X, Y, and Z Put commas between items in a list. The final comma goes right before the conjunction. Examples: –You can buy life, liberty, and the pursuit of happiness in Los Angeles. –A good student listens to his teachers without yawning, reads once in a while, and writes papers before the are due.
You Try It!!! 1)Russ went shopping for a stereo a new television and some speakers for his new house. 2)Paula invited Sam Jenny Nancy and Shane to her party. 3)Don’t forget to capitalize punctuate and complete your sentences. 4)Why do I have to take out the trash wash the dishes fold the clothes and clean my room?

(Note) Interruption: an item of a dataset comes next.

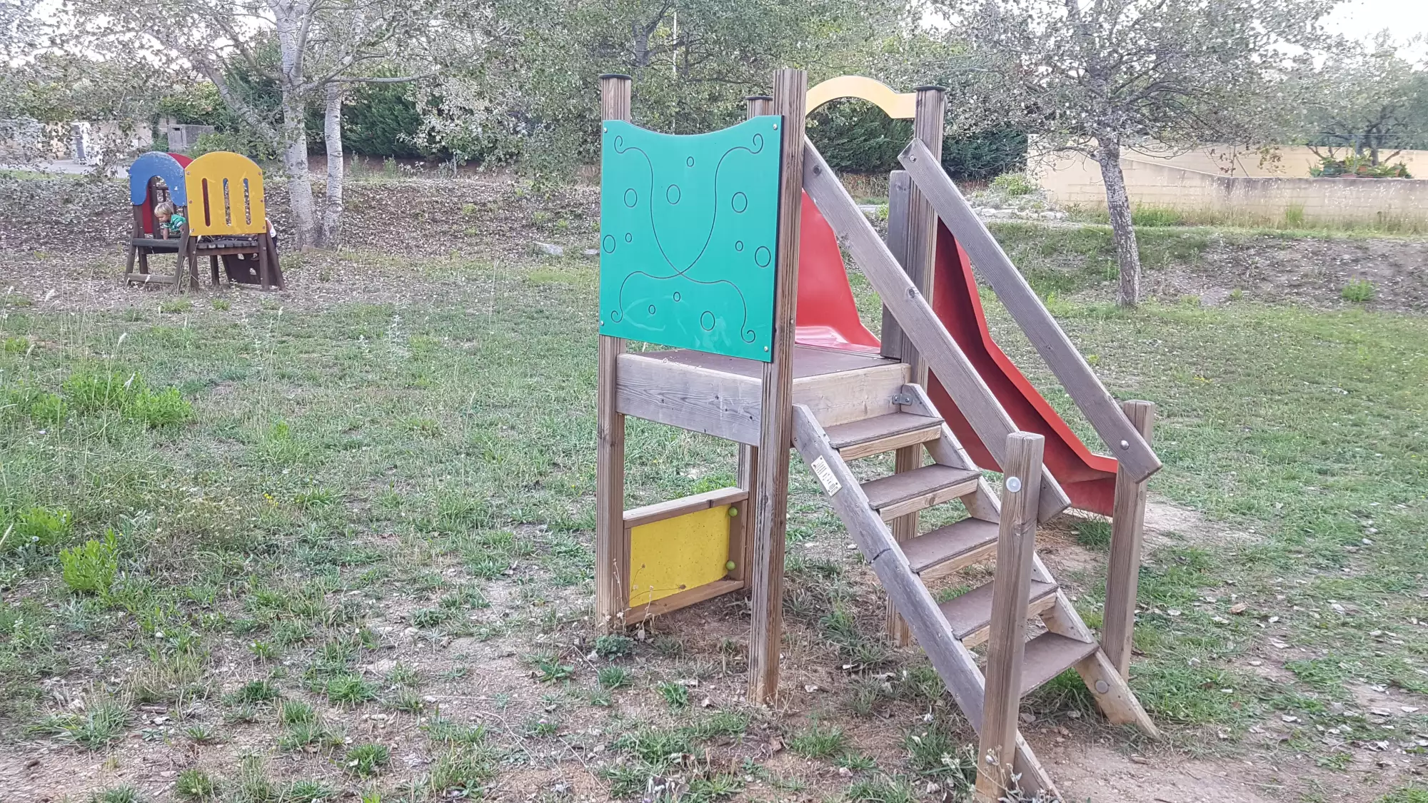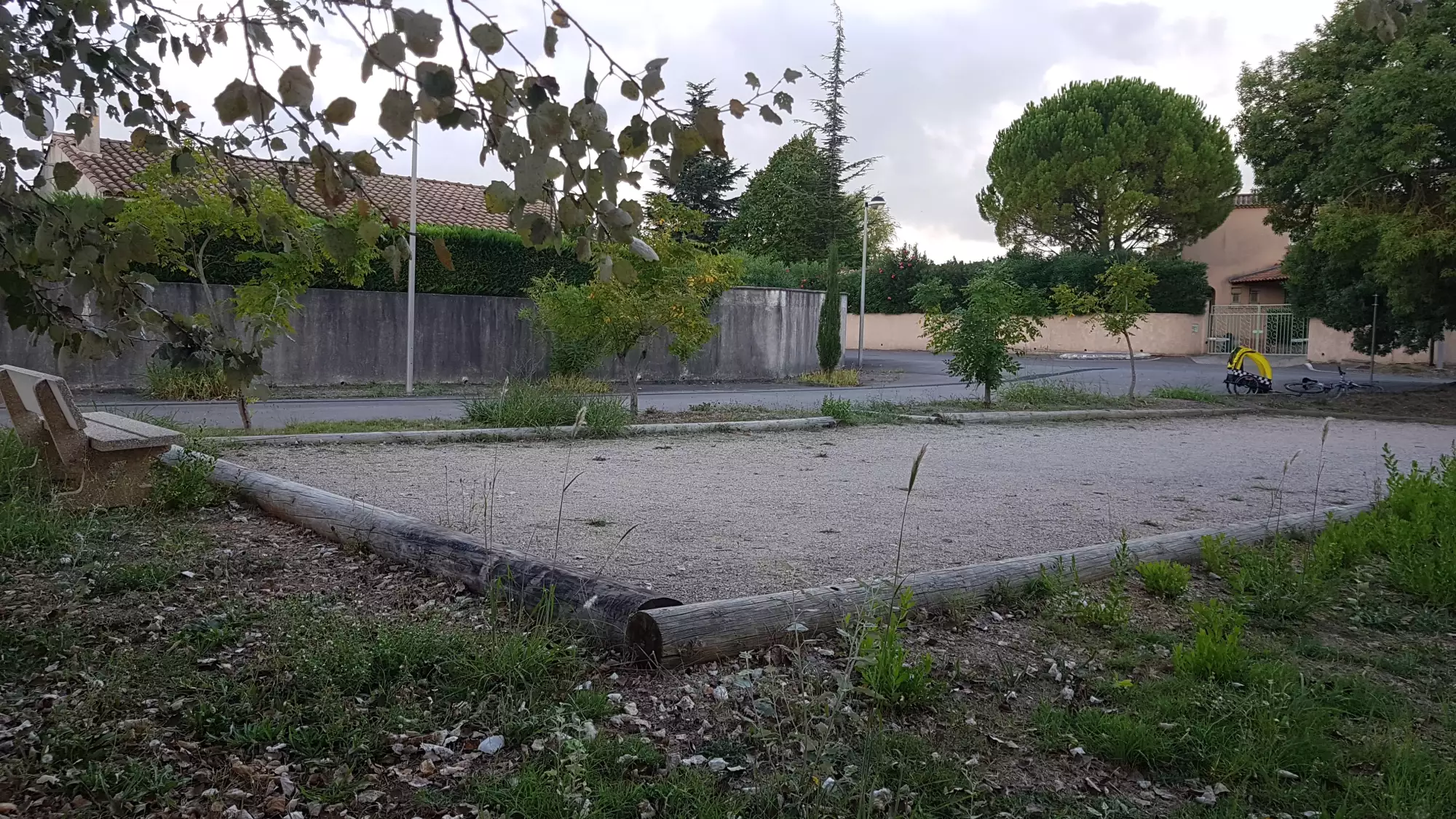 Au calme, à coté d'un terrain de pétanque.

Describers If you have two or more adjectives (words that describe) that are not joined by a conjunction and both/all of the adjectives describe the same word, put a comma between them. Examples: He was a bashful, dopey, sleepy dwarf. The frothy, radiant princess kissed the putrid, vile frog.

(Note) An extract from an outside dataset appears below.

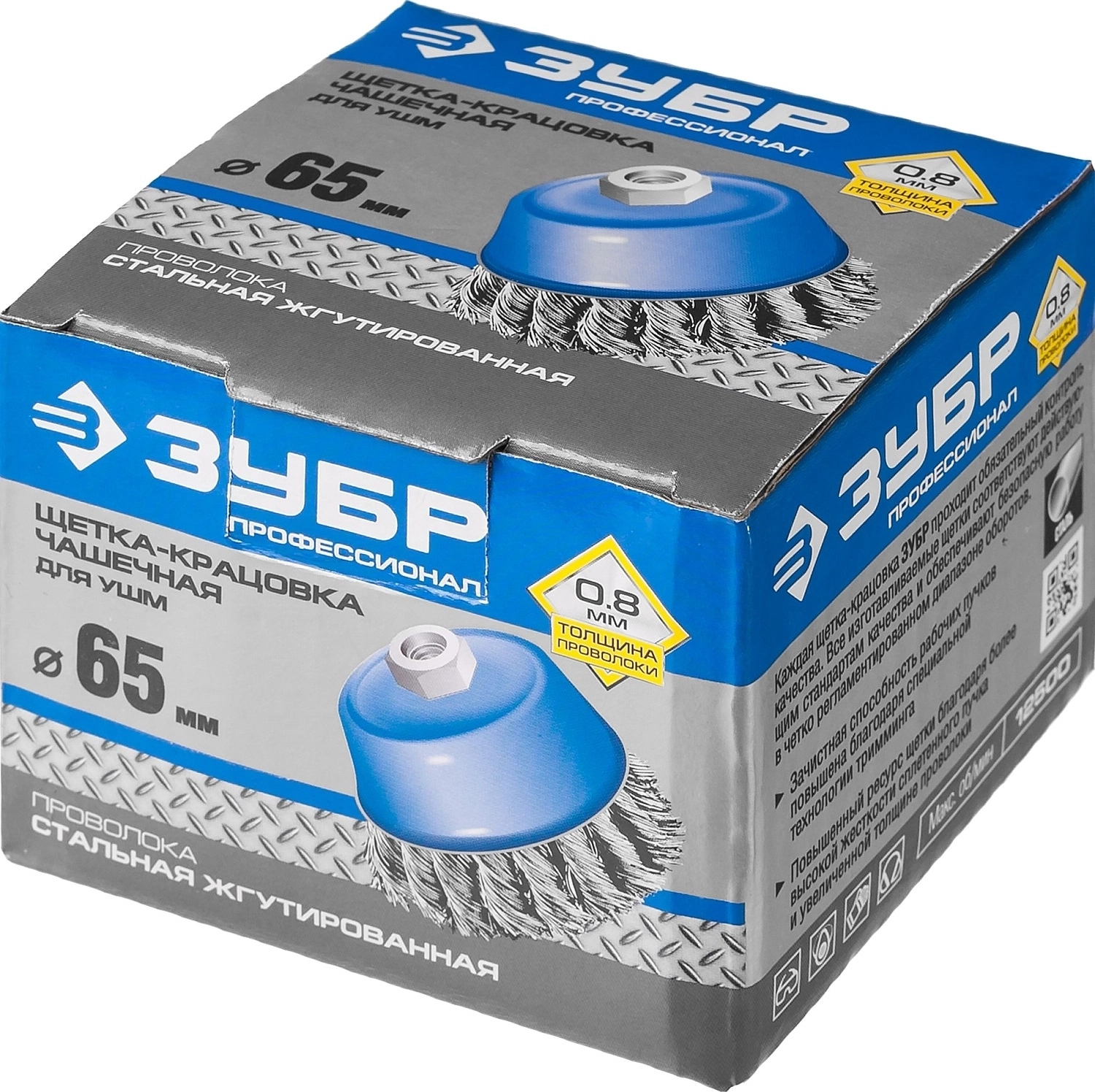Каждая щетка-крацовка ЗУБР проходит обязательный контроль качества. Все изготавливаемые щетки соответствуют действующим стандартам качества и обеспечивают безопасную работу в четко регламентированном диапазоне оборотов.

You Try It!!! 1)I really would enjoy a bright sunny day. 2)My father is a dedicated hard-working man. 3)Willy had a long bushy red beard. 4)Why must we learn the boring confusing information on commas?
Interrupters Two commas can be used to set off additional information that appears within the sentence but is separate from the primary subject and verb of the sentence. This lets the reader know that the words/phrase between the commas are not necessary to understand the rest of the sentence.
Interrupters Examples: Bob Mills, a sophomore from Raleigh, was the only North Carolina native at the Japanese food festival in Cary. Aaron thought he could see the future, not the past, in the wrinkles of his skin.
You Try It!!! 1)Ryan the boy down the street came over to play football last night. 2)I saw a pelican the Louisiana state bird at the Houston Zoo. 3)Jim sheriff of the county arrested the trespasser. 4)The game as you remember was a tie.
AAAWWUBBIS These are your sentence starters. The commas goes after the phrase the AAAWWUBBIS begins. Although As After While When Until Before Because If Since
You Try It!!! 1)After dinner we went to a movie. 2)Before you decide to take a vacation you should make sure you have the money to go. 3)If you would like some help with your work you should not be afraid to ask. 4)Until I get all of your make-up work I cannot help you with your grades.